> [Task objective] Report, from the records below, every line where the word "June" appears.
BEGIN Input data
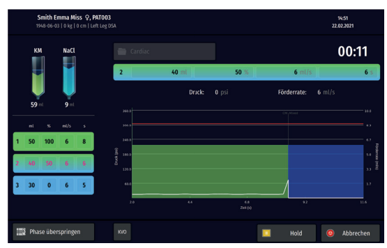
Graphical user interface will be available in English once Accutron® CT-D Vision is commercially available.

It visually highlights the key parameters. Choosing and selecting from lists and a saved profiles library now simplify exam management. This leads to an easier, clearer and more precise programming in less time.
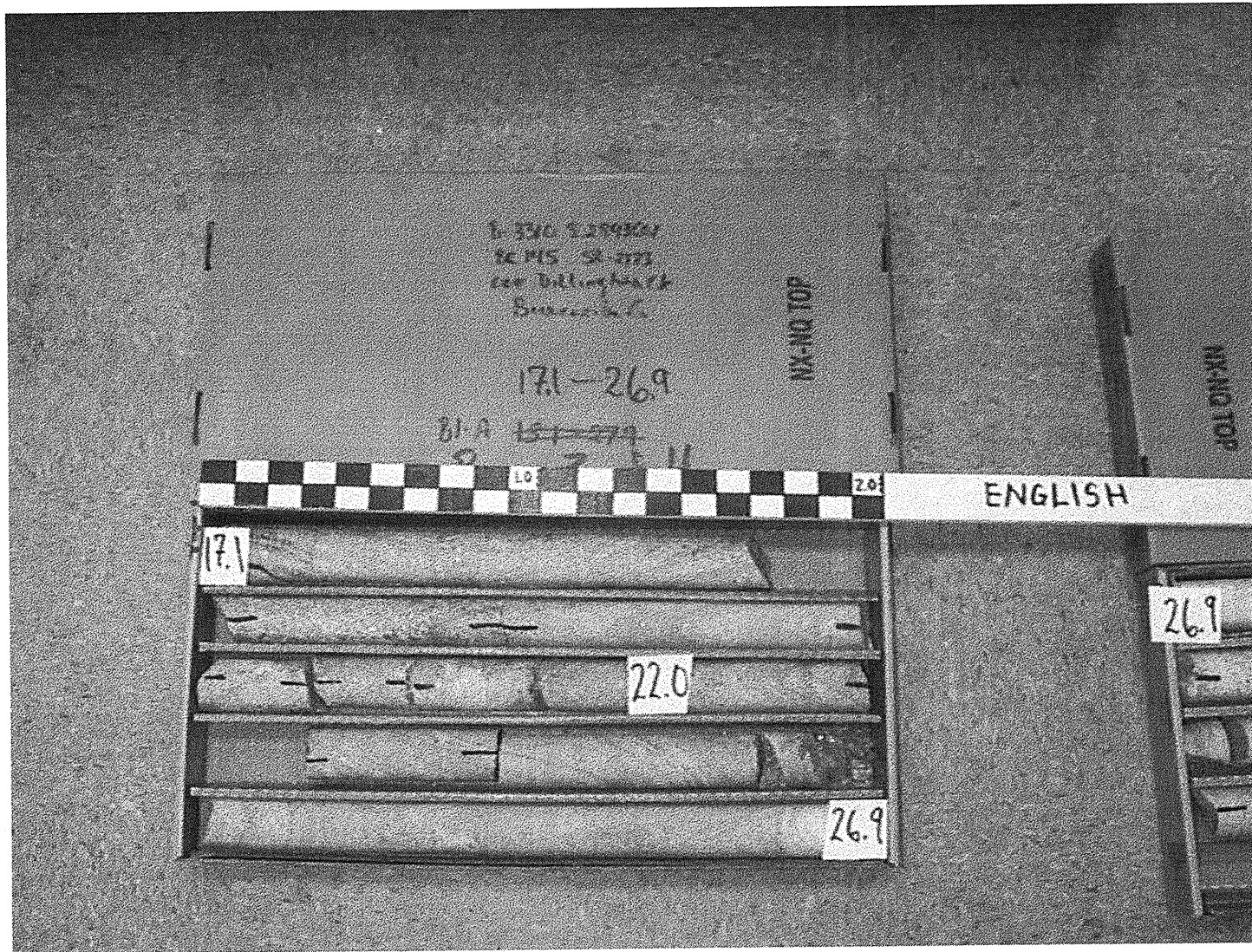
8.2843601 B-3310 Buncombe County Bridge NO.145 on SR-2173 over Dillingham Creek. B1-A 3 of 4
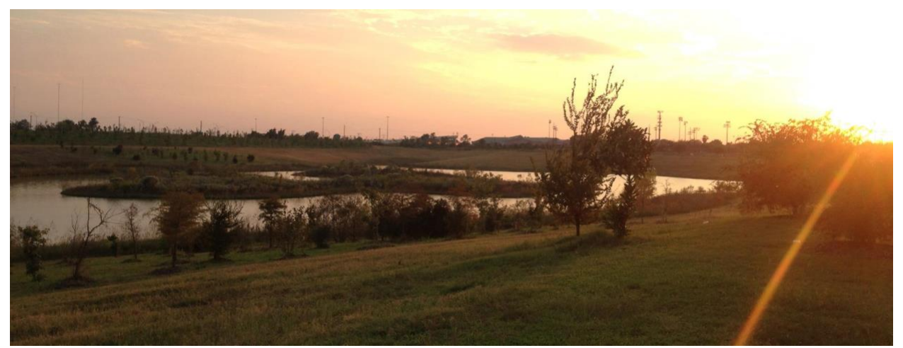
Willow Waterhole Greenspace Conservancy

Location 29.656073378716894, -95.47125829251416
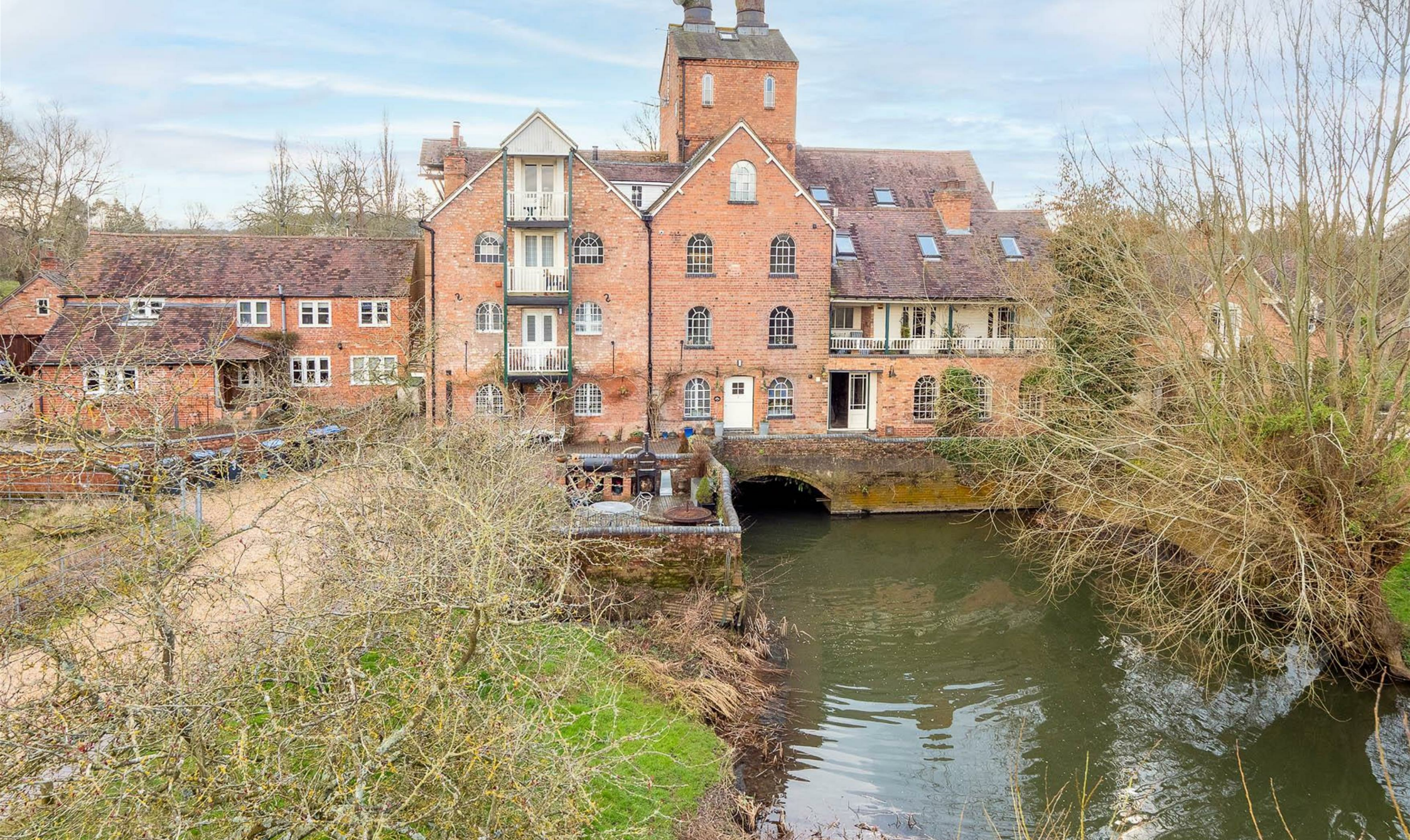
Great Alne Mill , Mill Lane, Great Alne Alcester, B49 6JA
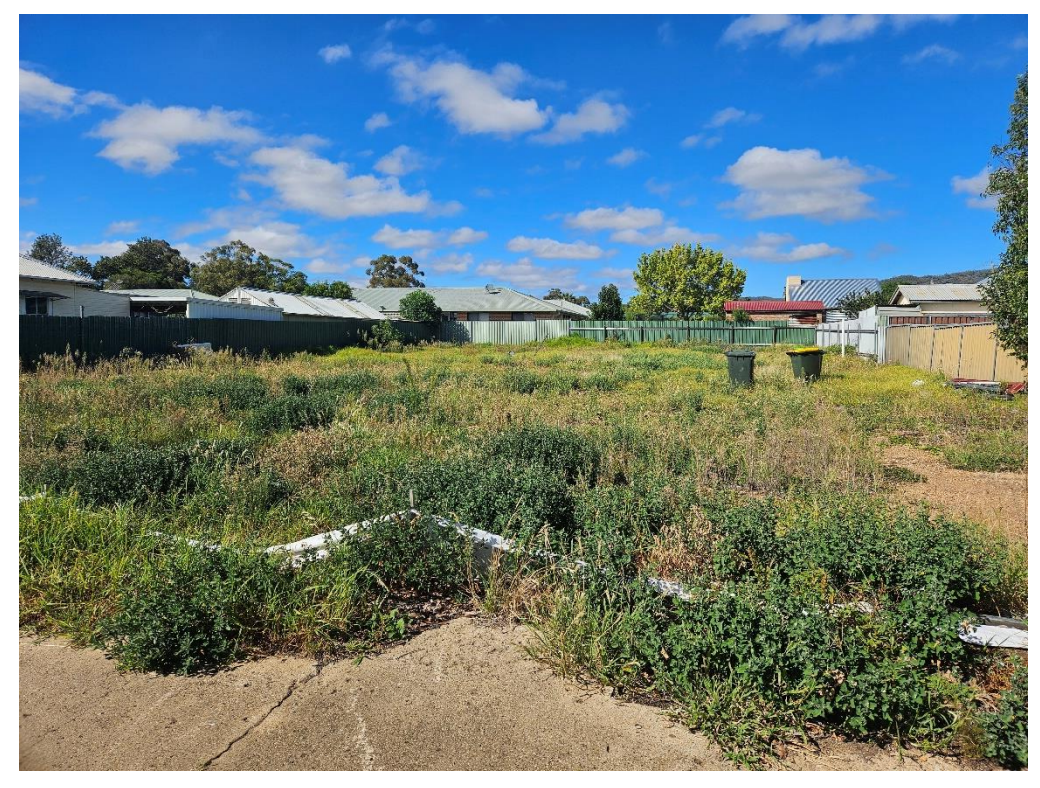
Plate 1 – South facing view

The site is sloping slightly to the north. The block has existing buildings and established houses in the vicinity.
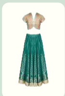
Crop Tops With Long Skirts
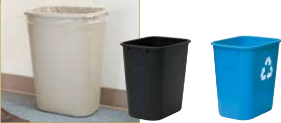
PWR-41BE Liner not included
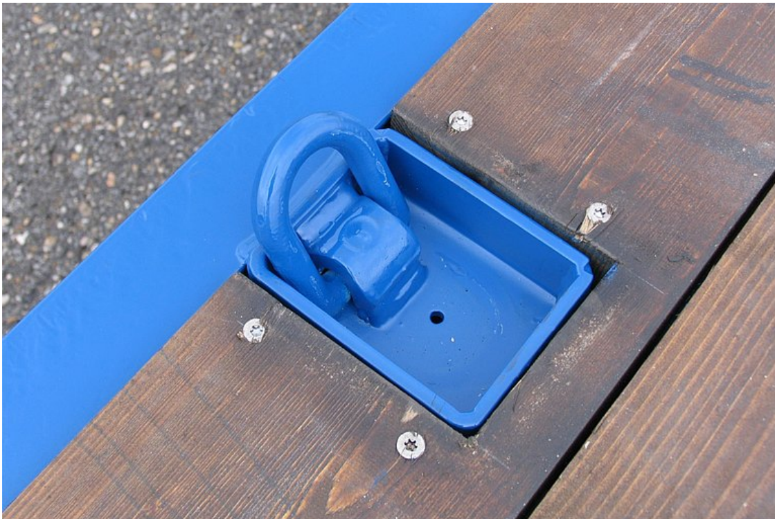
Floor-recessed lashing rings as well as lashing points on external frame for optimised load securing
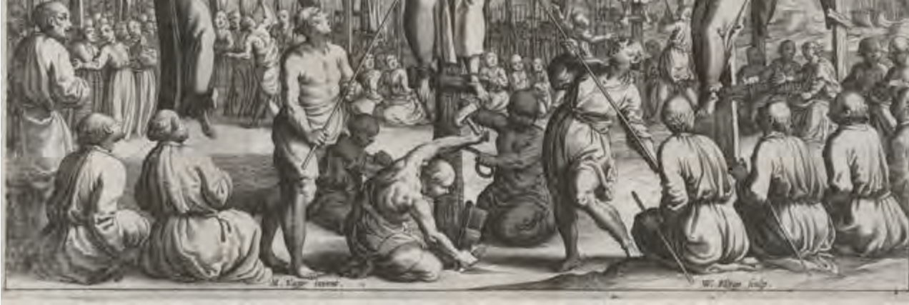
Christians crucified in Nagasaki in 1597, engraving by Wolfgang Kilian (1581–1663).
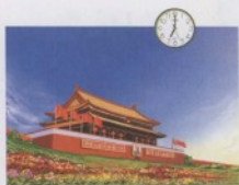
早上/早晨 zǎoshang/zǎochén early morning
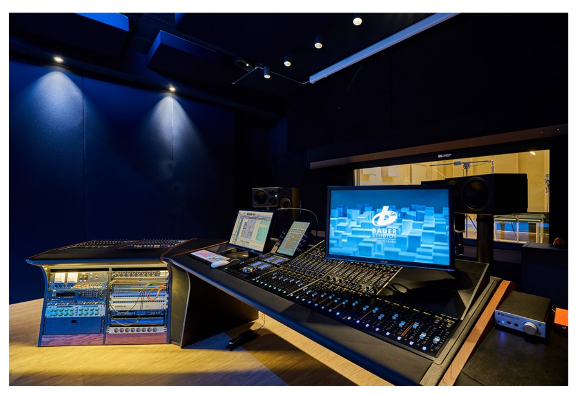
The redesigned Studio 2 is equipped with an Avid S6 console, which also serves as the monitor controller for the 5.1.4 or 7.1.4 setup.

The newly designed Studio 2, optimized by Markus Bertram (MB Akustik), was therefore to be equipped with a monitoring system that supports common surround formats as well as Dolby Atmos. When it came to choosing the loudspeakers, Neumann studio monitors were quickly selected as the first choice.
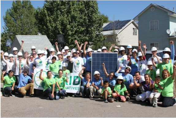
Fig. 2: The team of installers, volunteers and trainees involved in a community low-income solar installation.

Finally, the SASH Program promotes partnerships between private solar contractors and local workforce development programs by including a job training requirement for all sub-contracted SASH projects. This becomes a double benefit to low-income communities since many green-collar job trainees come from the same communities that the SASH Program aims to serve.
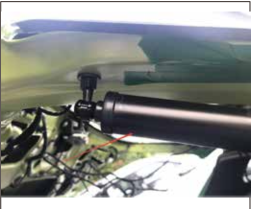
2. Remove the original car right support strut
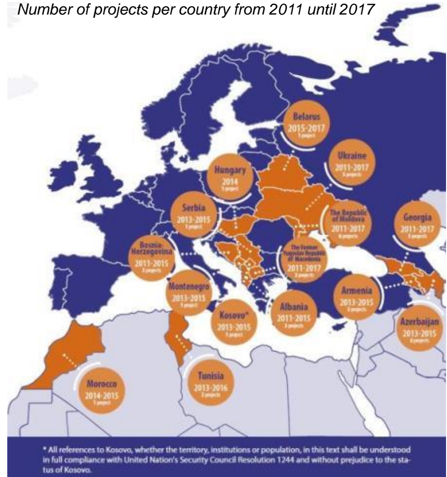
Number of projects per country from 2011 until 2017

Promoting the implementation of standards in the fields of freedom of expression and information and media freedom
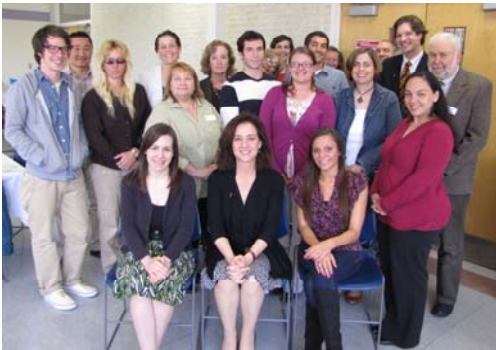
SKD inducted 16 new members April 24.
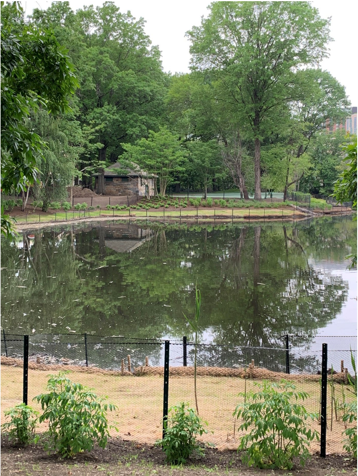
Work Areas #11 – section of the river downstream of Agassiz Road Bridge at the Duck House – Area of the Central Processing Bins where sediment was processed – area restored, planted, and hydroseeded (early June 2023).
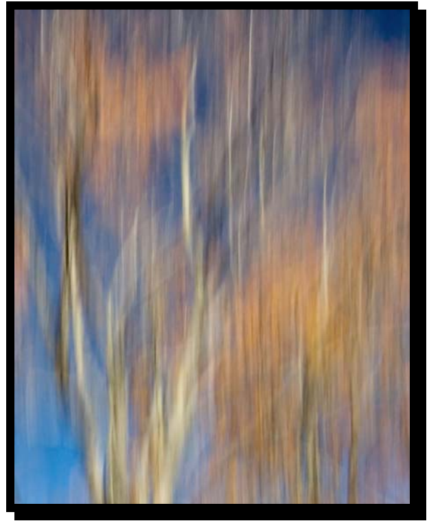
Blurred Fall Scene #1

Depending on your artistic sense you may like some of the images and not others. In any event this technique offers a diversion from the usual fall scenic or leaf images. Arthur Morris and Denise Ippolito have authored a PDF book on the subject of creating blurred images. A Guide to Pleasing Blurs is a 20, 585 word, 271 page PDF illustrated with 144 different image examples. The guide covers the basics of creating pleasingly blurred images, the factors that influence the degree of blurring, the use of filters in creating blurs and a variety of applicable Photoshop techniques. You can order the book for $33 by PayPal via birdsasart@verizon.net .
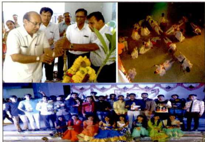
Celebration of Fresh fair 2017 at College of Agriculture, Amreli
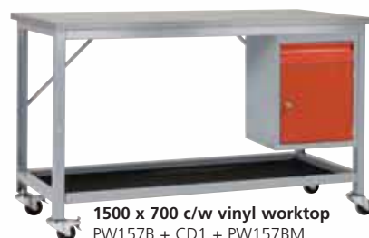
1500 x 700 c/w vinyl worktop PW157B + CD1 + PW157BM + PW4SC £616.95
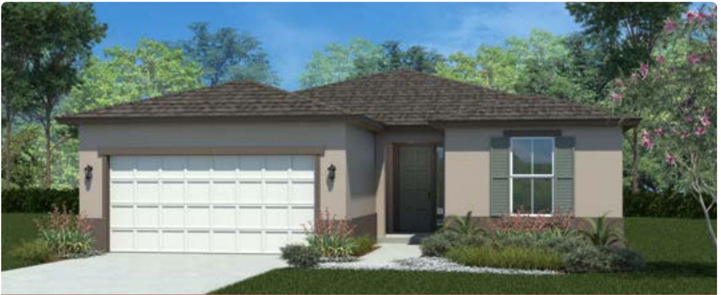
STANDARD XPRESS ELEVATION

4 Bedroom | 2 Bath | 2 Car Garage | Great Room | Breakfast Area | Laundry Suite | Patio 1,921 A/C Sq. Ft. | 2,428 Total Sq. Ft.
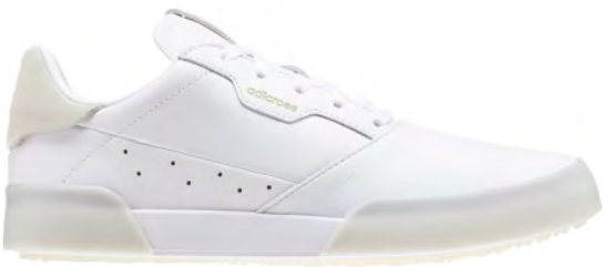
E69143 ftwrwhite/goldmet/crystwhite Available 02/01/2020
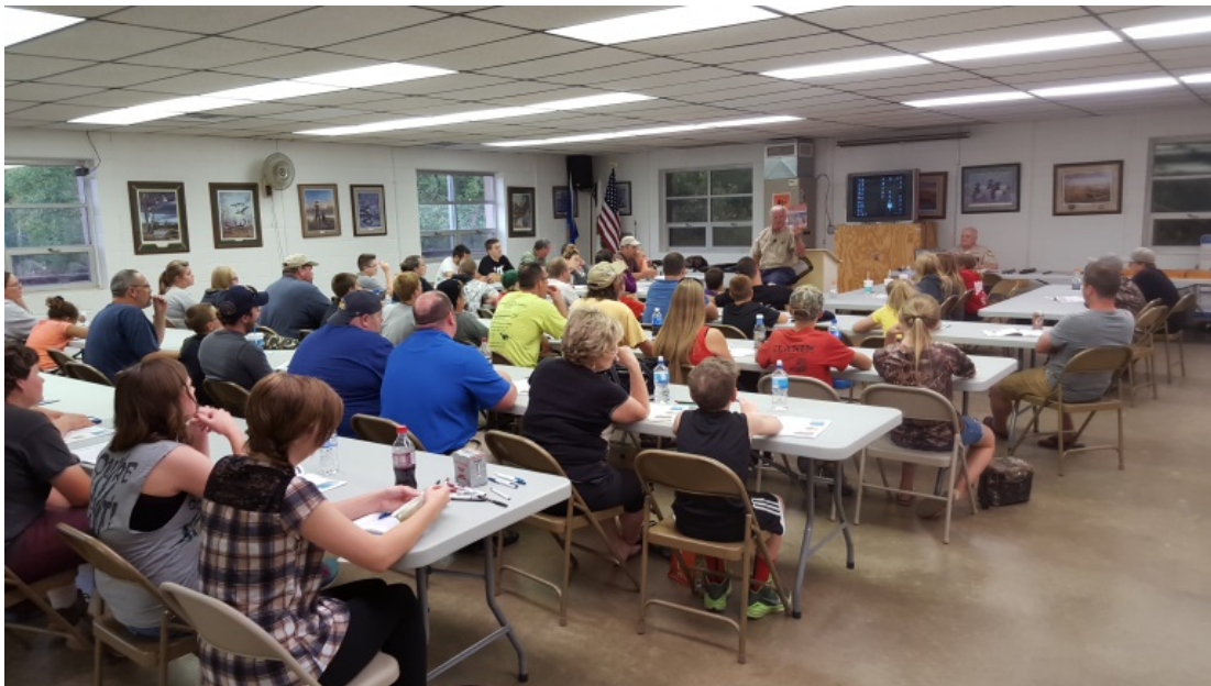
Hunter Ed Class 50 Participants on Aug 8
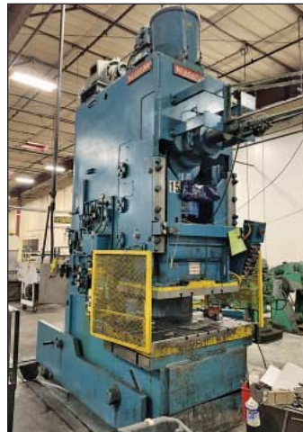
250 Ton Niagara E-250 OBI Press
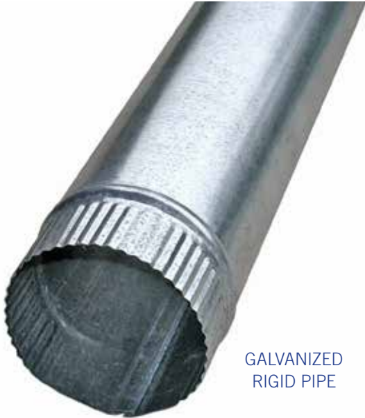
GALVANIZED RIGID PIPE

Galvanized 30 gauge and V030 aluminum (26 gauge) meet most building codes for in-wall use.
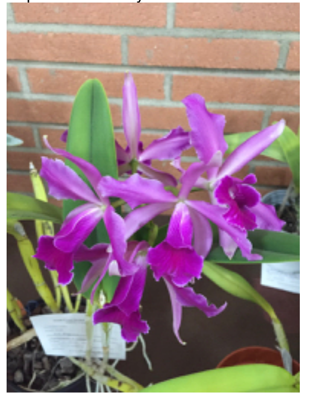
Lc. Elegans (L. purpurata x C. leopoldii)

Thanks to our members for the beautiful flowers.
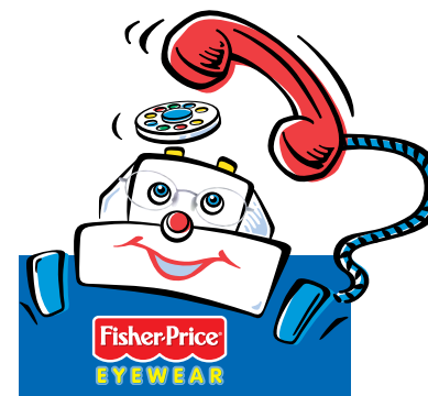
telephone counter card 11" x 10.25"
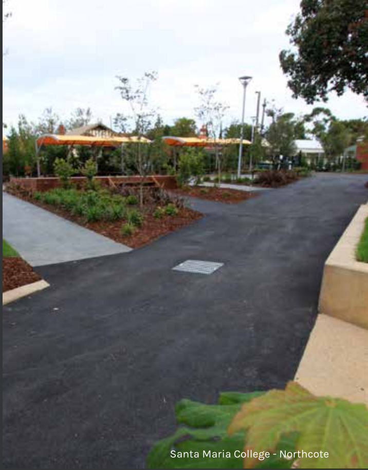
Santa Maria College - Northcote

If your school already has a design master plan - PTA Landscapes are experienced in implementing and constructing from these plans.
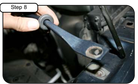
Attach grommet provided and install on core support
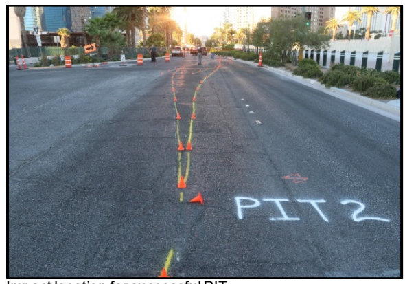
Impact location for successful PIT.
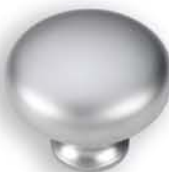
99-182 Matte Chrome
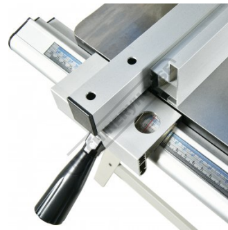
Fence with Quick Action Lock and Sight Glass
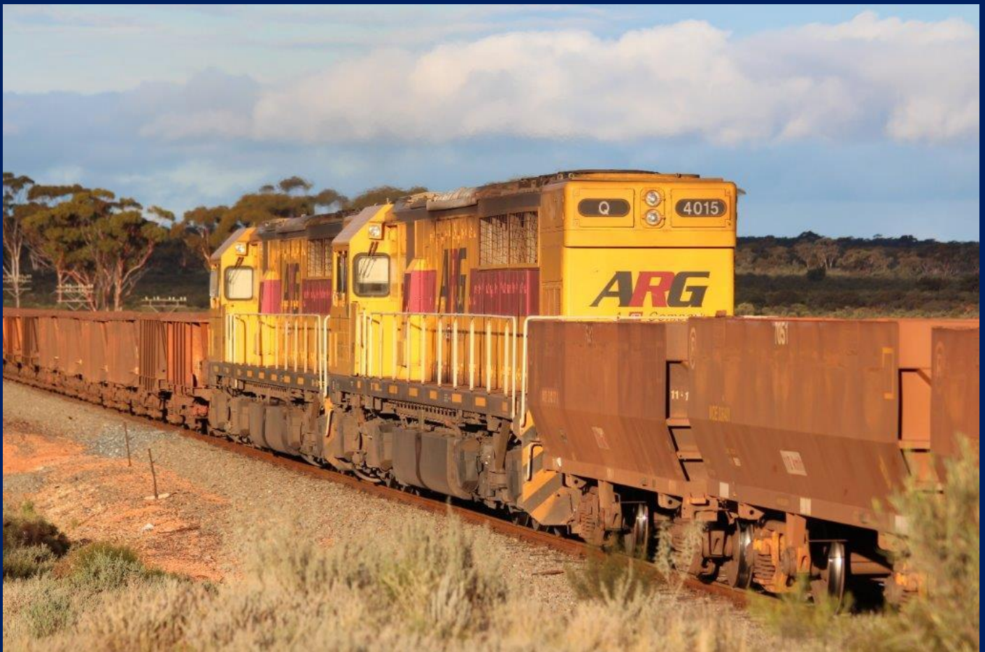
Q4015 & Q4002 dpu on 2414 empty ore at 7km on Esperance line Hampton June 3rd.
END Input data
> [Finished task]
Work Areas #11 – section of the river downstream of Agassiz Road Bridge at the Duck House – Area of the Central Processing Bins where sediment was processed – area restored, planted, and hydroseeded (early June 2023).
Q4015 & Q4002 dpu on 2414 empty ore at 7km on Esperance line Hampton June 3rd.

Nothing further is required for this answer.